By the time I tasted my first bobó de camarão I was an adult; well, I was 17 going on 30, and my friend Arnaldo, who was 30, introduced me to bobó in a restaurant in Belo Horizonte.

Seafood was virtually absent from my family’s menu; the sea had not graced my state with its grandeur, and that long ago, my family did not believe in freezing anything. I was acquainted with the Bahian Culinary Trinity: dendê oil, malagueta pepper and coconut milk… but adding the shrimp to that concoction elevated the trinity to a divine level.

The entire Afro-Brazilian cuisine has a well-defined character that can be tasted through its scent and appetizing appearance. The bobó and so many other African dishes arrived in Brazil by the way of Bahia, the state with the largest number of African descendents. The Bahians added their je-ne-sais-qua to the exotic dishes giving them the “brazilianess” they deserved. Today, the shrimp in yuca cream is one of the most popular shrimp-dishes in Brazil. Great chefs and restauranteurs have introduced it across the world, and I want to bring it to your kitchen – at first the recipe can be a little intimidating, but let your love for cooking guide you.

Having experienced the bobó, Arnaldo and I went back to our small town armed with the restaurant’s recipe and the ingredients we bought at Mercado Central. That weekend, our principal reason for visiting the capital became second place – Nelson Rodrigues’ play had been memorable as always, but second place, nonetheless. Since then I have experimented with a variety of recipes and have concluded that my first recipe was the best by far. I am sure it will not disappoint.

I have encountered recipes that replaces the yuca for inhame (a root that I love and will share some recipes later), which is not persuasive enough to play with the Bahian Culinary Trinity. Enjoy your bobó de camarão.

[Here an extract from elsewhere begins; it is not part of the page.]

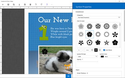 Scrapbook & Photo Collage is a WYSIWYG scrapbook designer and photo collage printing app. It allows you to easily layout your photos and add decorative embellishments for printing. An image can also be generated for sharing on your social media.

1 pound large shrimp, peeled and deveined, tail removed

Salt and ground pepper to taste

Juice of 1 1/2 limes, divided

1 pound yuca (cassava), peeled

2 tablespoons vegetable oil

1/2 white or yellow onion, diced

1/2 red bell pepper, diced

1/2 yellow bell pepper, diced

2 large tomatoes, no skin or seeds, diced

2 garlic cloves, minced

1/2 cup scallions or cilantro, chopped, divided

1 cup coconut milk (can)

1/4 cup dendê oil (red palm oil) available online

1/2 tablespoon minced Malagueta pepper or Jalapeno


1. In a medium bowl, season the shrimp with salt and ground pepper. Drizzle with the juice of 1 lime; place in the refrigerator.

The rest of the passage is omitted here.